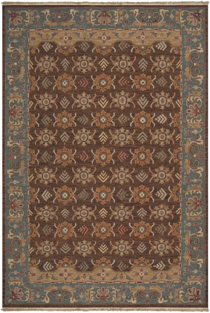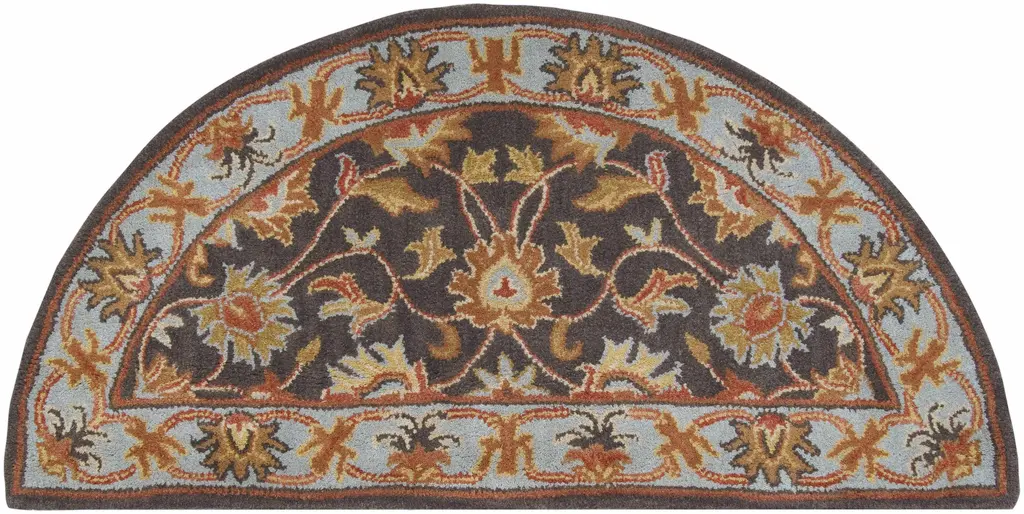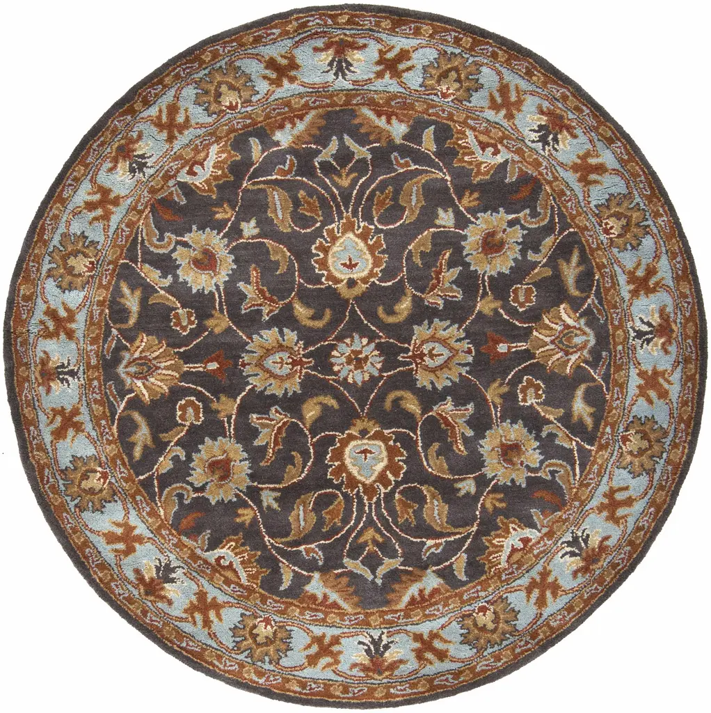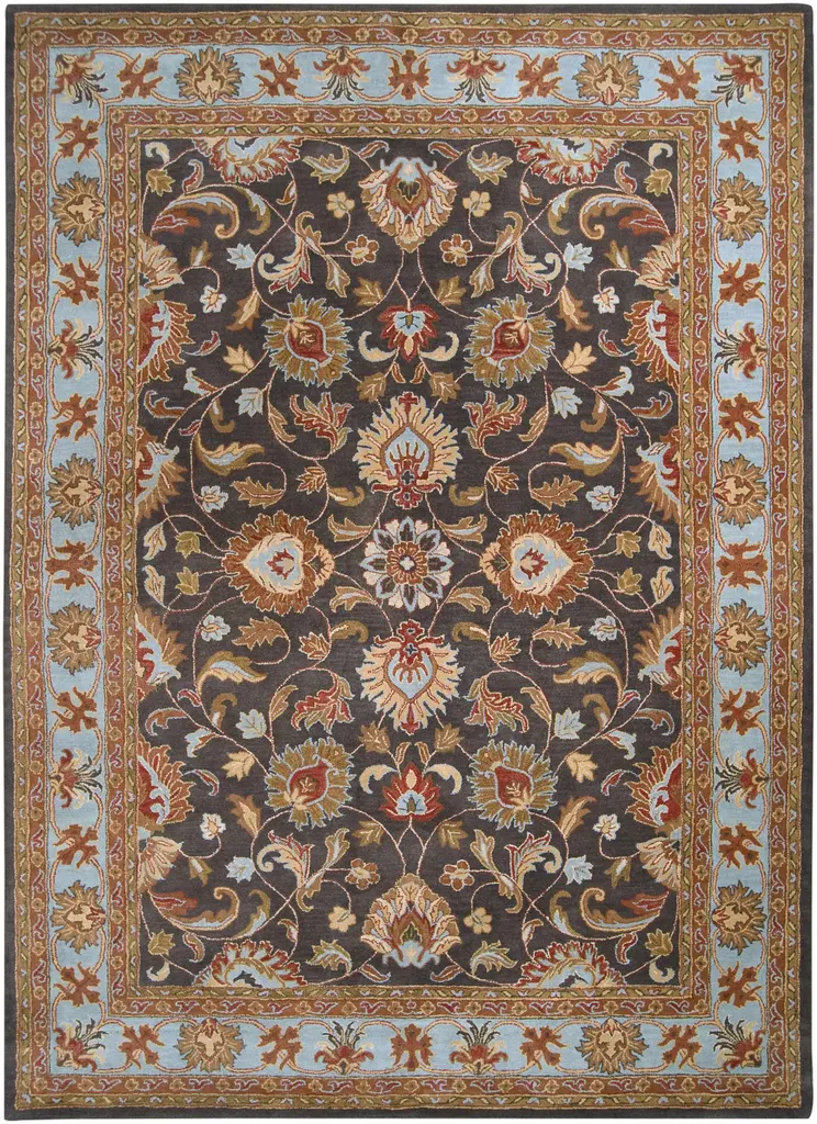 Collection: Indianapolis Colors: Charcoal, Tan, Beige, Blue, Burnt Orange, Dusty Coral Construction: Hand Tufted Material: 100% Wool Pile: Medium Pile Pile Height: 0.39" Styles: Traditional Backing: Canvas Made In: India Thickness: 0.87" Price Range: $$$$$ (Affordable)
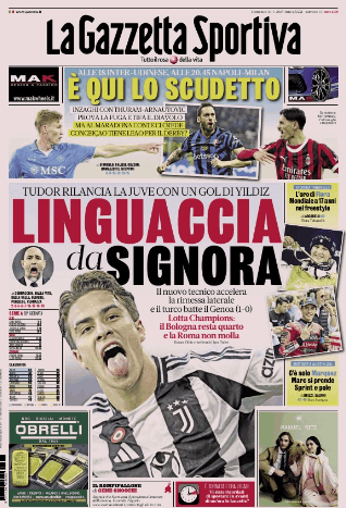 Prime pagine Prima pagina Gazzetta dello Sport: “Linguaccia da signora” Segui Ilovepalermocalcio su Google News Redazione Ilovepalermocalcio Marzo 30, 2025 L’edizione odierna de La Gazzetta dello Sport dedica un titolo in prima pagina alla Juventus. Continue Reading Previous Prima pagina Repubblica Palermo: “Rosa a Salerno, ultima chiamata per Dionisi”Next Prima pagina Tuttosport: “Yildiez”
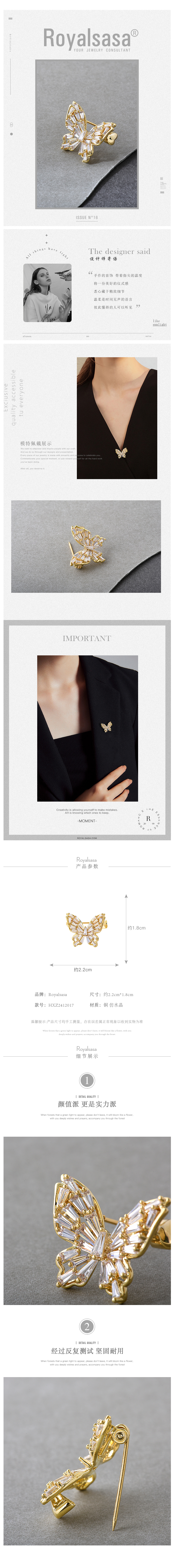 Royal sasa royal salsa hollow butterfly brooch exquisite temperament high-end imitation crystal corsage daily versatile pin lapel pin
= = = = = = =
> [Work request]:
Please output the entire listing above verbatim and omit its images.

> [Response]:
 Collection: Indianapolis Colors: Charcoal, Tan, Beige, Blue, Burnt Orange, Dusty Coral Construction: Hand Tufted Material: 100% Wool Pile: Medium Pile Pile Height: 0.39" Styles: Traditional Backing: Canvas Made In: India Thickness: 0.87" Price Range: $$$$$ (Affordable)
 Prime pagine Prima pagina Gazzetta dello Sport: “Linguaccia da signora” Segui Ilovepalermocalcio su Google News Redazione Ilovepalermocalcio Marzo 30, 2025 L’edizione odierna de La Gazzetta dello Sport dedica un titolo in prima pagina alla Juventus. Continue Reading Previous Prima pagina Repubblica Palermo: “Rosa a Salerno, ultima chiamata per Dionisi”Next Prima pagina Tuttosport: “Yildiez”
 Royal sasa royal salsa hollow butterfly brooch exquisite temperament high-end imitation crystal corsage daily versatile pin lapel pin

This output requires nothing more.